MÉRIDA, Venezuela- José Betancourt, 75, climbed to the glacier of Pico Bolívar, Venezuela’s highest peak, 158 times before it disappeared in 2017. He’s also summited the nearby Pico Humboldt, the country’s second-highest peak, more than 100 times. At 4,925 meters (16,158 feet), Humboldt still has a glacier — for now. In 2023, scientists demoted the ever-shrinking glacier, La Corona, covering an area barely larger than two football fields, to ice field status.

Venezuela has become the first tropical country to lose all its glaciers. But with most of the ice gone, the mountains are seeing new life emerge, and local communities are seeking to reinvent the identity of the city of Mérida, a place once known for its eternal snows.

In the early 1900s, Sierra Nevada de Mérida National Park in western Venezuela was home to more than 10 prominent glaciers formed during the last glacial period, about 21,500 years ago. These sat atop the peaks of El Toro, El León, Espejo, Bolívar, La Concha, Bonpland and Humboldt.

Their retreat first became visible at the end of the 19th century. In 1890, Venezuelan writer and historian Tulio Febres Cordero wrote: “It has been said for some time that the snow in the mountains is diminishing; and the older neighbors point out with sadness the places where the snow has completely disappeared. The decrease is slow, but unfortunately true.”

The 1956 International High Mountain Ski Competition at Pico Espejo in the Sierra Nevada de Mérida, the only one in Venezuela. Image from the Grupo Últimas Noticias photographic archive.

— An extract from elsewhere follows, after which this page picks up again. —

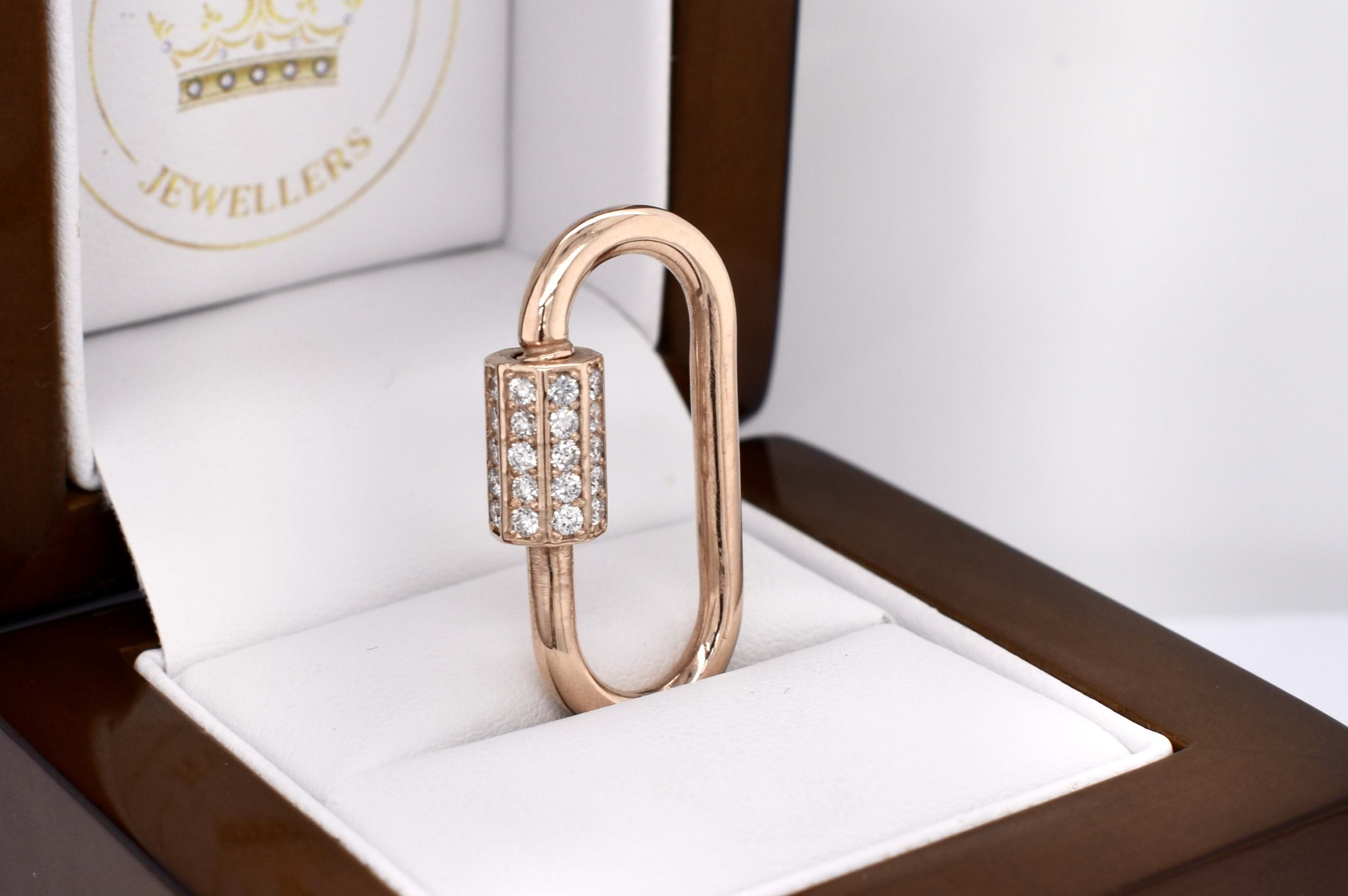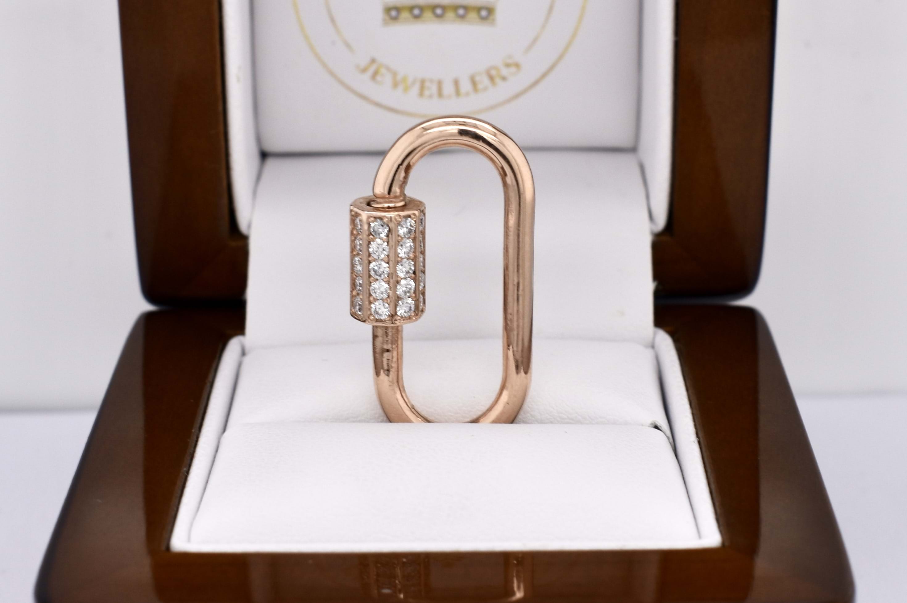 A contemporary and stylish statement accessory with a bit of sparkle, this oval shaped carabiner is crafted in 9ct rose gold with forty 1.70mm round GH SI diamonds set into the barrel. This has been designed as a multipurpose piece which can act primarily as a clasp but also as a linking or extending accessory; to hang a pendant or enhancer from or even be a pendant itself. Pair it with a rose gold chain for continuity or white gold for a bold contrast. Carabiner measures approx. 30x15mm. Independent Valuation Supplied.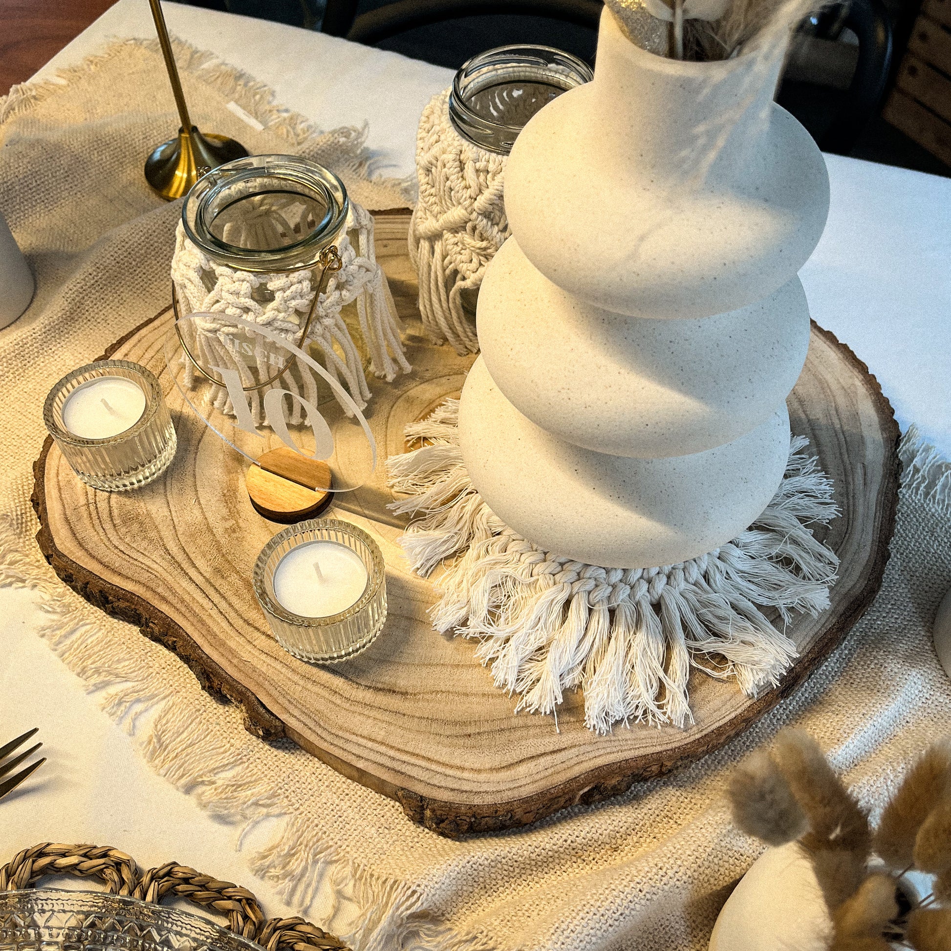 Verleiht euren Hochzeitstischen eine natürliche Atmosphäre mit unseren ausgewählten Baumscheiben. Diese natürlichen Schönheiten bringen rustikalen Charme und eine Prise Natur, direkt auf eure Tische. Ideal für Paare, die ein Hauch von Natur in ihren besonderen Tag einfließen lassen möchten.

The first glacier in Venezuela to disappear in the 20th century was the one on Pico El Toro, according to Alejandra Melfo, a physicist at the University of the Andes who studies glacial retreat in Mérida.

However, the total disappearance of the glaciers was something even residents of Mérida didn’t anticipate. “I would not admit that the glaciers of our Sierra Nevada were going to melt,” Betancourt, a mountaineer and guide for more than 50 years, tells Mongabay. “We all knew Mérida as the city of ‘the eternal snows.’ But now, all that is just a memory.”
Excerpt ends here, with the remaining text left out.